Product Images Carvedilol

View Photos of Packaging, Labels & Appearance

Product Label Images

The following 6 images provide visual information about the product associated with Carvedilol NDC 43063-833 by Pd-rx Pharmaceuticals, Inc., such as packaging, labeling, and the appearance of the drug itself. This resource could be helpful for medical professionals, pharmacists, and patients seeking to verify medication information and ensure they have the correct product.

43063833 Label - 43063833

43063833 Label - 43063833

This is a description for a medicine called Carvedilol. It comes in a box of 60 tablets with a dosage of 6.25mg. The Reorder number is 110463. It is manufactured by a company called LGRS Jsdly located in Oklahoma City.

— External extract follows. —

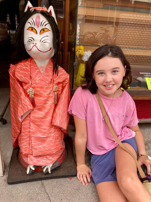 We have been loving Kyoto! In our second week here, we spent a day wandering the Gion district, starting with a VERY smooth and excellent coffee from Kurasu Kyoto. Sipping away, we walked along the Takase River and then up through Kennin-ji temple grounds towards our first stop, Vintage Kimono AN Gion. There, we browsed through racks and racks of the most beautiful silk kimonos, cotton yukatas, and brocaded obis, and each kid chose a kimono to bring home as a very special souvenir. They cannot wait until we partake in a tea ceremony so they can wear them! After all the shopping, we needed sustenance, so we popped into Mantsune for ‘washoku’ (Japanese cuisine). It turned out to be the best shrimp tempura any of us have had, served by the friendliest staff member who led us outside after lunch and showed us a wooden fish sculpture on the outside of the building that she said was from the Edo period.

The medication's National Drug Code (NDC) is 43063-833-60. The medicine is used to treat several conditions, and the dosage should be determined by your doctor. The medication may cause some side effects. If you experience any, you should contact your doctor or report them to the Food and Drug Administration (FDA). The expiration date of the product is October 2022.*

Figure 1. Survival Analysis for COPERNICUS (Intent-to-Treat) - carvedilol fig1

Figure 1. Survival Analysis for COPERNICUS (Intent-to-Treat) - carvedilol fig1

Figure 2. Effects on Mortality for Subgroups in COPERNICUS - carvedilol fig2

Figure 2. Effects on Mortality for Subgroups in COPERNICUS - carvedilol fig2

This text cannot be evaluated without any accompanying information or context. It appears to be a figure caption with information on subgroups and their effects on mortality, but without any data or further explanation.*

Figure 3. Survival Analysis for CAPRICORN (Intent-to-Treat) - carvedilol fig3

Figure 3. Survival Analysis for CAPRICORN (Intent-to-Treat) - carvedilol fig3

Figure 4. Effects on Mortality for Subgroups in CAPRICORN - carvedilol fig4

Figure 4. Effects on Mortality for Subgroups in CAPRICORN - carvedilol fig4

Chemical Structure - carvedilol str

Chemical Structure - carvedilol str

* The product label images have been analyzed using a combination of traditional computing and machine learning techniques. It should be noted that the descriptions provided may not be entirely accurate as they are experimental in nature. Use the information in this page at your own discretion and risk.